MPs have suggested merging the UK government departments responsible for Wales, Scotland and Northern Ireland.

A report by a Commons committee recommends a "serious look" at the Whitehall arrangements for the three devolved nations.

It comes after a row about the future of the Wales Office in the wake of the Yes vote in the referendum on the assembly's law-making powers.

Downing Street said there were no plans to change the structure.

The suggestion is contained in a report from the Public Administration Select Committee (Pasc) into the wider question of the size of the UK government.

It says the Westminster government appoints too many ministers and should reduce the number by the middle of the parliament.

It recommends "a serious look at the Whitehall departments of state for Scotland, Wales and Northern Ireland".

"Merging together these departments would not involve a major reorganisation given the relatively small size of the three respective offices," it says.

The change would save two Cabinet posts and one junior minister.

The Wales Office employs 60 staff, the Scottish Office 100 and the Northern Ireland Office 110.

At the weekend assembly presiding officer Lord Elis-Thomas said the Wales Office could be wound up.
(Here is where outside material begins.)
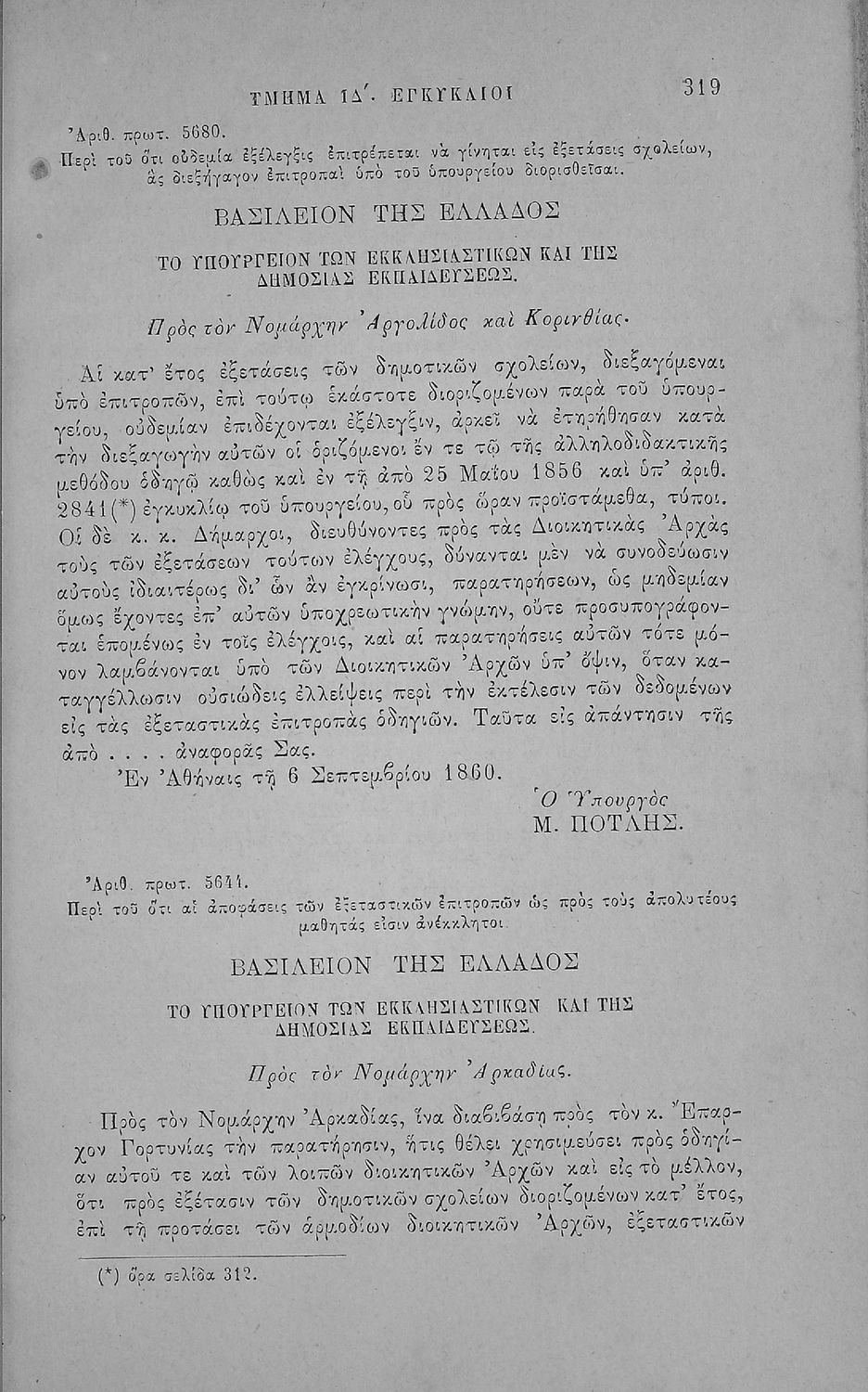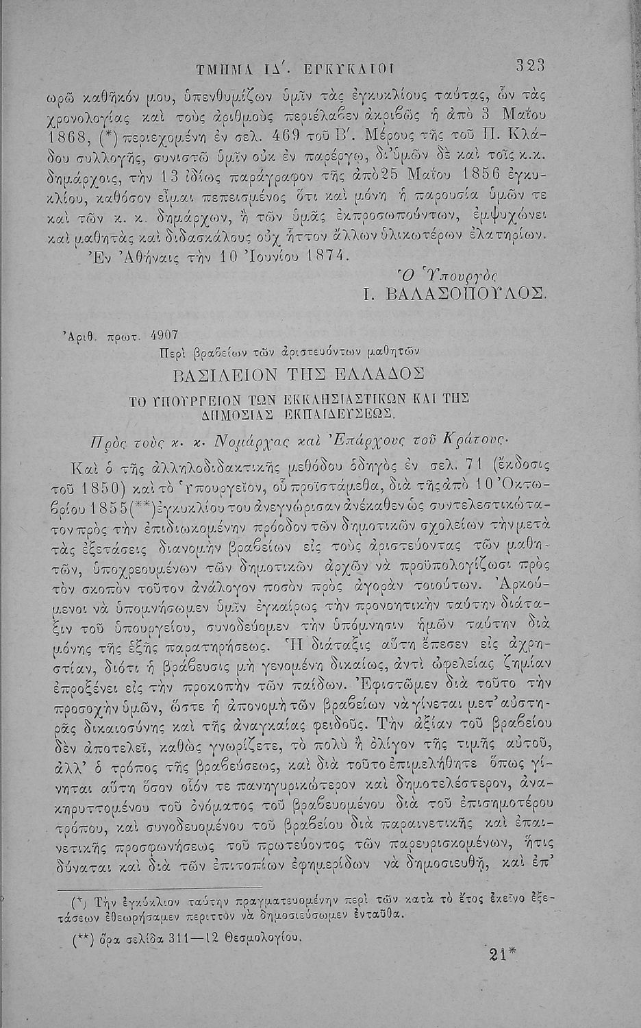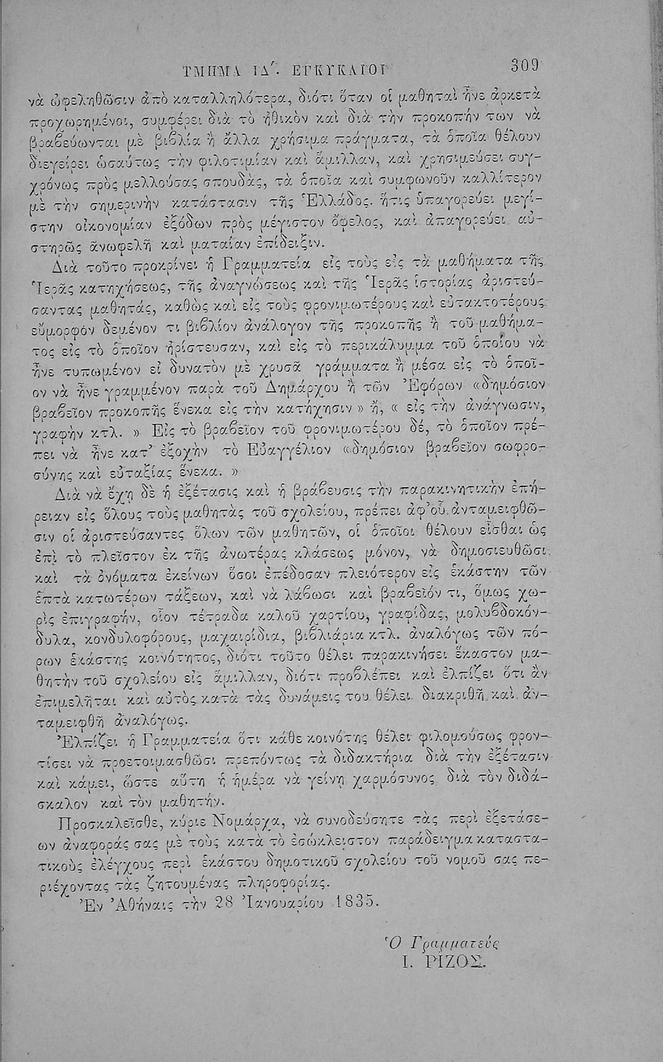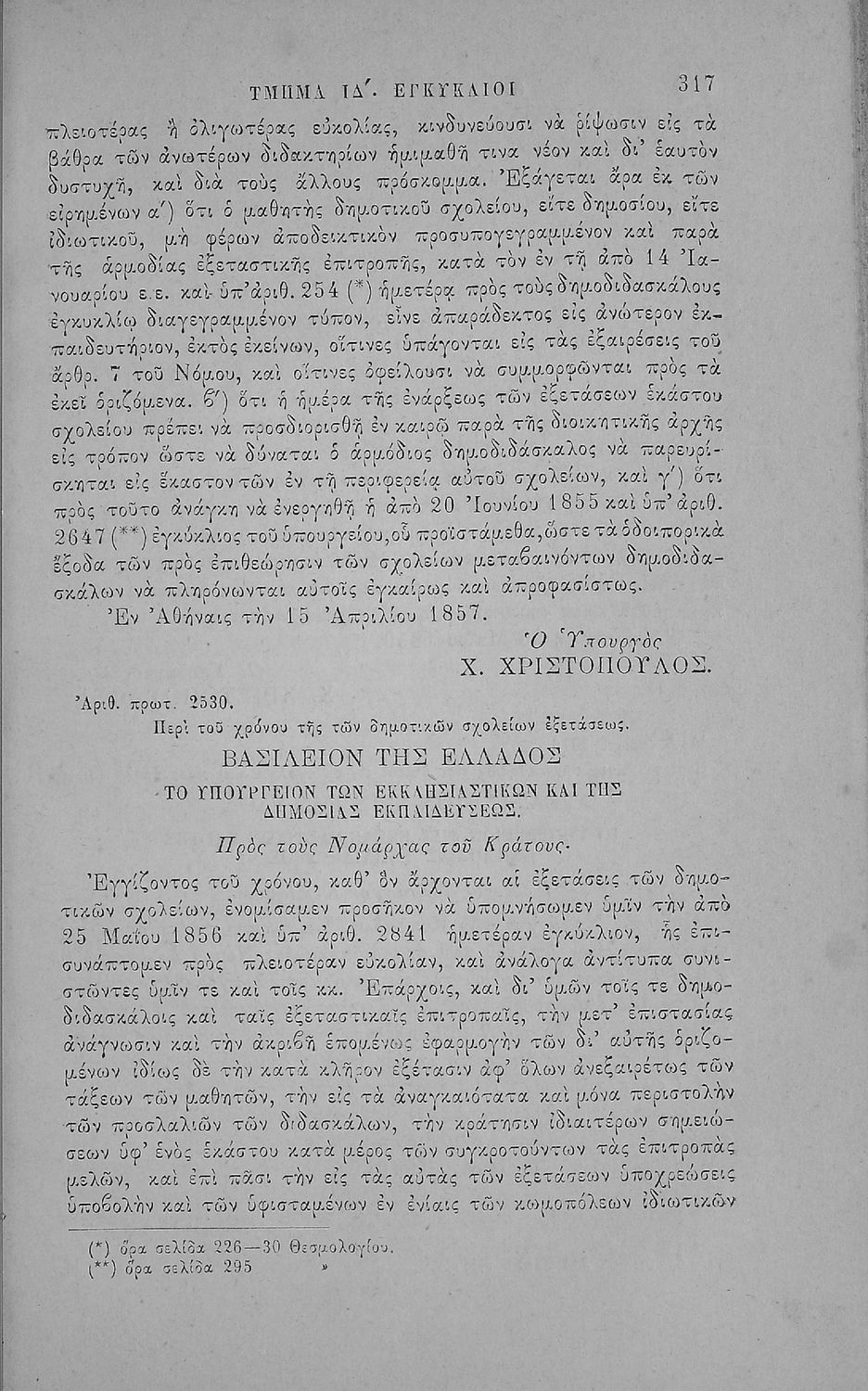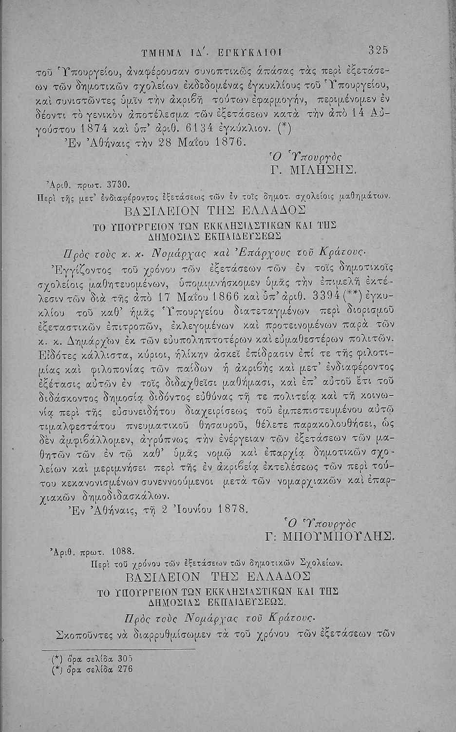 Έκδοση που περιλαμβάνει νόμους, βασιλικά διατάγματα και τις κυριότερες εγκυκλίους της περιόδου 1833-1883 που αφορούν τη Δημοτική Εκπαίδευση και τα Διδασκαλεία καθώς και τα καταστατικά του Διδασκαλικού Μετοχικού Ταμείου και του μετοχικού Ταμείου των πολιτικών Υπαλλήλων. Ο συγγραφέας ήταν Γραμματέας Α’ τάξης του Υπουργείου στο τμήμα Δημοτικής Εκπαίδευσης.

Following the referendum in favour of direct law-making powers for the assembly, the Wales Office no longer has to handle bids for powers from Cardiff.

Lord Elis-Thomas was met with an angry reaction from Wales Office ministers and shadow Welsh secretary Peter Hain.

'Powerful voice'

The Conservative MP for Aberconwy, Guto Bebb, said Thursday's report was not a response to last week's Welsh referendum, but comes after a decision to cut the number of MPs from 650 to 600.

He said it was important Wales had a strong voice around the Cabinet table, particularly as the UK government embarks on an inquiry into how the assembly is funded.

"But in the long term I think there is a debate to be had as to whether the Welsh voice at the Cabinet table is going to be heard through a Wales Office or whether we could be looking at a Cabinet Secretary responsible for the three devolved nations," he said.

"That is something I'm willing to debate, but I think in the short term the Welsh Office must remain."

Responding to the Pasc report, Mr Hain said the previous Labour government rejected the idea of merging the Wales Office.

"What matters is that Wales has a powerful voice around the Cabinet table with Welsh officials in support," he said.

A Downing Street spokesperson said: "The secretary of states and ministers for the devolved administrations are prime ministerial appointments; they do an important job representing their countries' interests at UK government level and UK government interests in the devolved administrations.

"There are no plans to change this structure."